ARCHAEOLOGY

6th century settlement and anglo-saxon jewellery unearthed

Rare Anglo-Saxon artefacts, once worn and treasured by nobles between 501 and 600 AD, have been unearthed during the excavation of a housing site in Cambridge, earmarked for 60 new homes.

Image Credit : Stephen Collins

Rare Anglo-Saxon artefacts, once worn and treasured by nobles between 501 and 600 AD, have been unearthed during the excavation of a housing site in Cambridge, earmarked for 60 new homes.

Providing a fascinating insight into the lifestyle and clothing of the ancient Anglo-Saxon era, the findings include precious jewellery such as fine brooches, multi-coloured glass and amber beads, rings and hairpins dating back to the sixth century AD, as well as remnants of an original village-style settlement.

The Ango-Saxon village has been uncovered in Cherry Hinton by Oxford Archaeology East on behalf of archaeology specialists, CgMs and Weston Homes, the housebuilder who has bought the land which is just four miles south-east of Cambridge city centre.

More utilitarian tools are also among the findings, such as small knives and weaponry including iron shield bosses and spear heads. Some items were re-purposed, such as a Hippogriff decoration (half horse, half eagle), transformed from a shield into a piece of jewellery.

Complete pottery vessels were also found, including a stunning rare glass beaker known as a claw beaker due to the claw-like decorations around the stem. These elaborate drinking vessels are normally found further south-east such as Kent, northern France, the Netherlands and Germany, where they were probably produced. Although crushed over the centuries by the weight of soil the vessel is complete and could be reconstructed.

Image Credit : Stephen Collins

The excavation even turned up some Roman treasures, pre-dating the Anglo-Saxon era, including plates and a complex of Late Iron Age and Roman ditches defining a field system and an early Roman Pottery Kiln.

“Evidence of the time period 5th to 7th century AD is almost non-existent so this gives us a highly important window into understanding how people lived in that era, their trade activities and behaviours. The academic value of this collection is therefore immeasurable,” said Duncan Hawkins, Head of Archaeology and Build Heritage for CgMs.

“The site fell out of use in the 7th century but we discovered evidence of 8th century Middle Saxon activity including post-built structures, possibly workshops and livestock pens. Pits dug in this attest to local industrial activity and further processing of soil samples should help us understand what these were used for,” he explained.

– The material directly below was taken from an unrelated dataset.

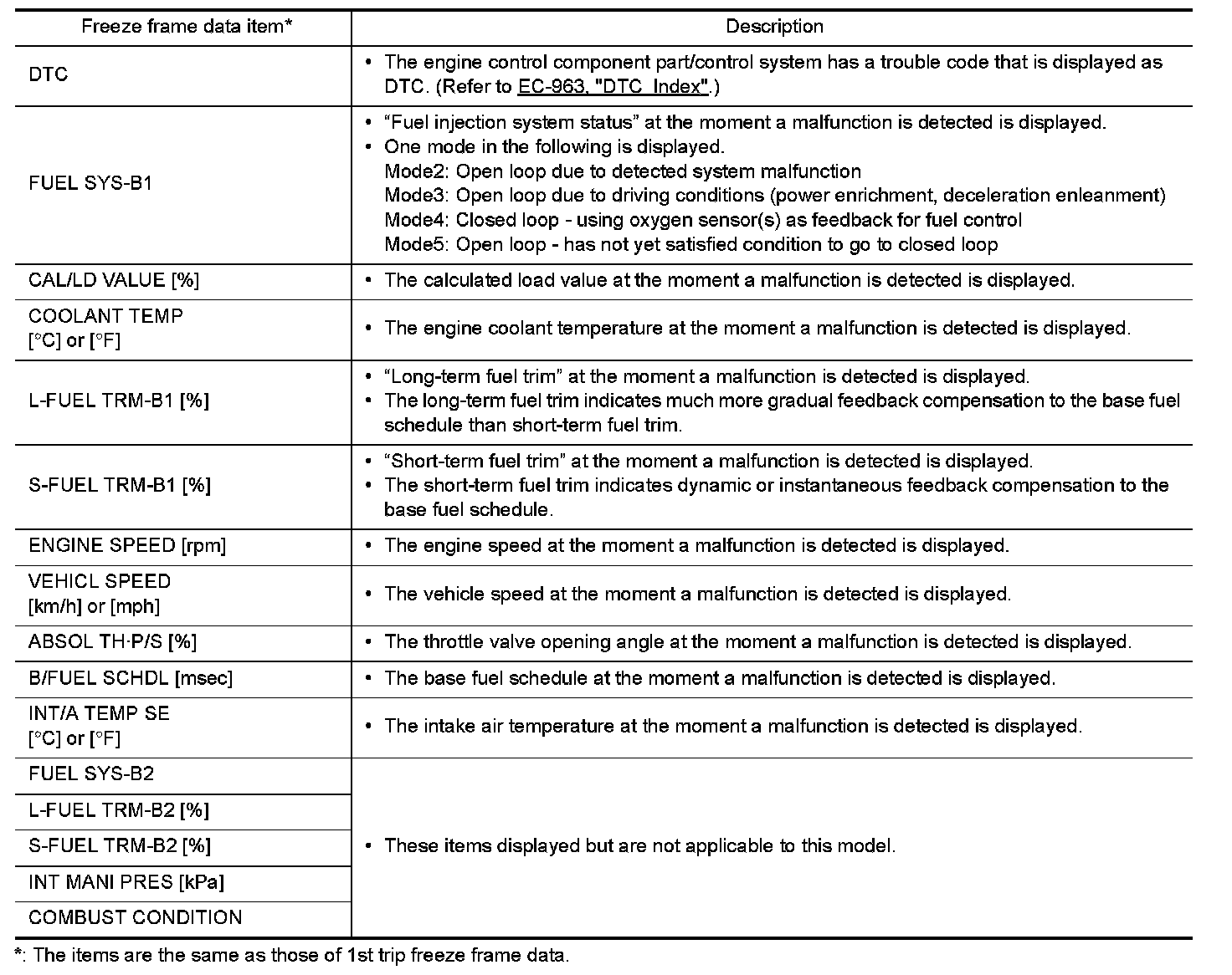 Freeze Frame Data and 1st Trip Freeze Frame Data

The site lies is on the western edge of the Middle Saxon settlement around Church End, and which formed the 9th to 10th century manor. By 1086 it had become known as Hintona in Domesday Book.

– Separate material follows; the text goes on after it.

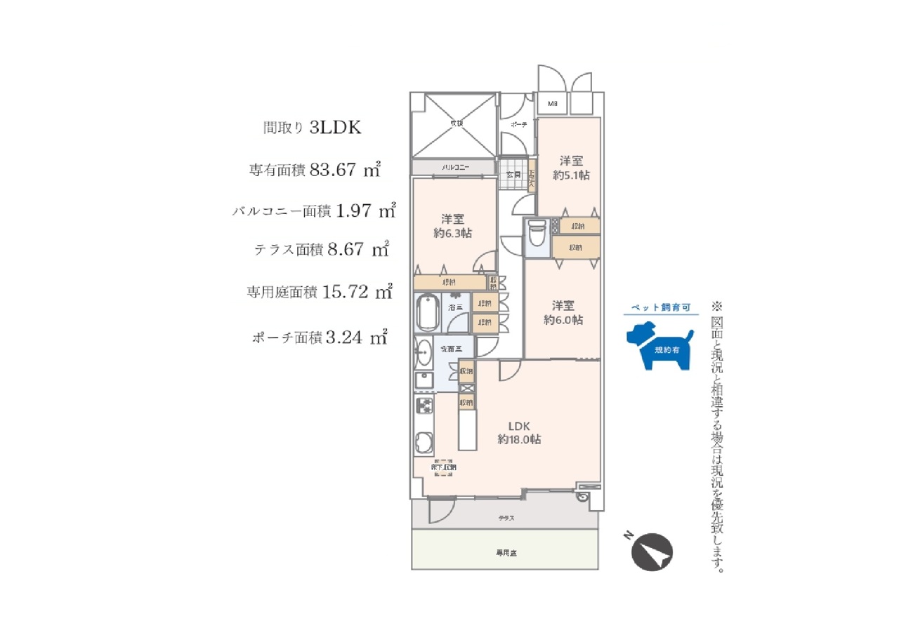 | 間取 | 3LDK (LDK18帖、洋室6.3帖、洋室6帖、洋室5.1帖) | ||

Image Credit : Stephen Collins

What was a Saxon village will be transformed 1,500 years later into a modern-day settlement. When Weston Homes applied for planning permission for the site test trenches were dug as a matter of course and the area identified as one which required further investigation.

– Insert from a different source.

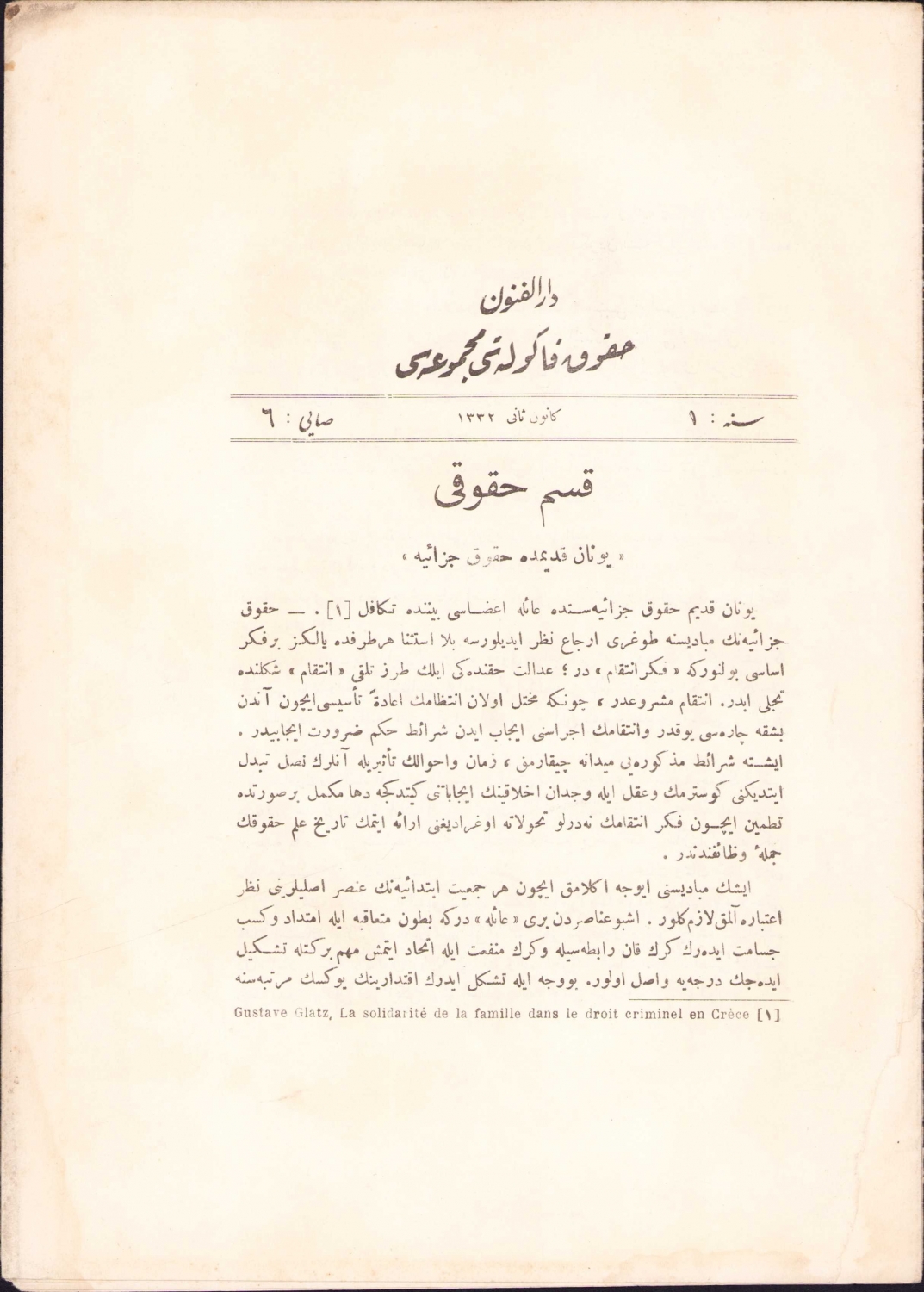 Osmanlıca Darülfünun Hukuk Fakülyesi Mecmuası, 1332, 10 sayfa, 20x28 cm

The site has now been cleared and the findings recorded and the artefacts will be housed in local museums.

Bob Weston, Chairman of Weston Homes, said: “The excavations show that there has been a residential settlement on this site dating back to the Roman era. The Anglo-Saxon artefacts are of strong historical importance, so we are taking all measures to ensure that they are being carefully preserved and recorded. Only once this work is complete will our new housing scheme be implemented.”